The leasing fee is tax deductible, i.e. it is deducted as an cost. The lease only affects the profit and loss account as the equipment is not recognised as an asset in the balance sheet. Budgeting and planning is easy as the lessee knows in advance the leasing fee for the whole duration of the contract and that the financing is secured throughout the leasing period.
The monthly cost is affected by the residual value of the equipment and the duration. A higher residual value and a long rental period will result in a lower monthly cost – and vice versa. The lease is structured so that the object's residual value corresponds to the market value. In order to avoid a large gap between the residual value and the market value, an increased first leasing fee can be added.
A rental agreement is established whereby the lessor buys the equipment from the supplier and then rents the equipment to the lessee.
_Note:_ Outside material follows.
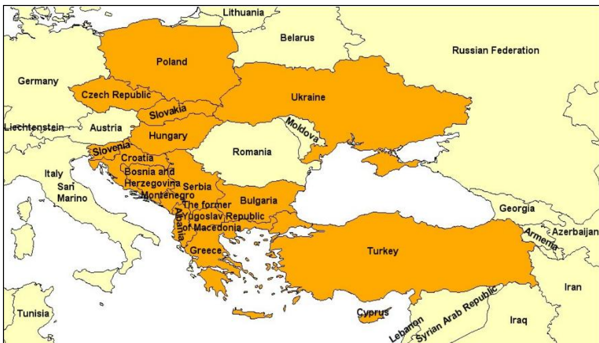
Figure 1. ECSEED countries.

With Montenegro joining ECSEE Division at the 19th ECSEED Session, ECSEE Division has reached the number of 16 member countries: Albania, Bosnia and Herzegovina, Bulgaria, Croatia, Cyprus, Czech Republic, Greece, Hungary, Montenegro, Poland, Serbia, Slovakia, Slovenia, The former Yugoslav Republic of Macedonia, Turkey and Ukraine (see Fig. 1).

In most cases, movable property can be rented. By movable property is meant that it is not part of a property or part of another piece of equipment. Commonly rented items include coffee machines, water dispensers and other office machines such as photocopiers etc.
Renting is advantageous when you are interested in the use but not the ownership of a piece of equipment.
Renting is a means of spreading the costs over time and at the same time create a favourable base for new future investments. By renting the company does not tie up its capital, does not use its bank collateral and thus does not unlock its credit facilities.
Rent is tax deductible, i.e. it is deducted as an expense. The rent only affects the profit and loss account as the equipment is not recognised as an asset in the balance sheet. Budgeting and cash flow planning is easy as the lessee knows in advance the rent for the whole contract period and the financing is secured throughout the rental period.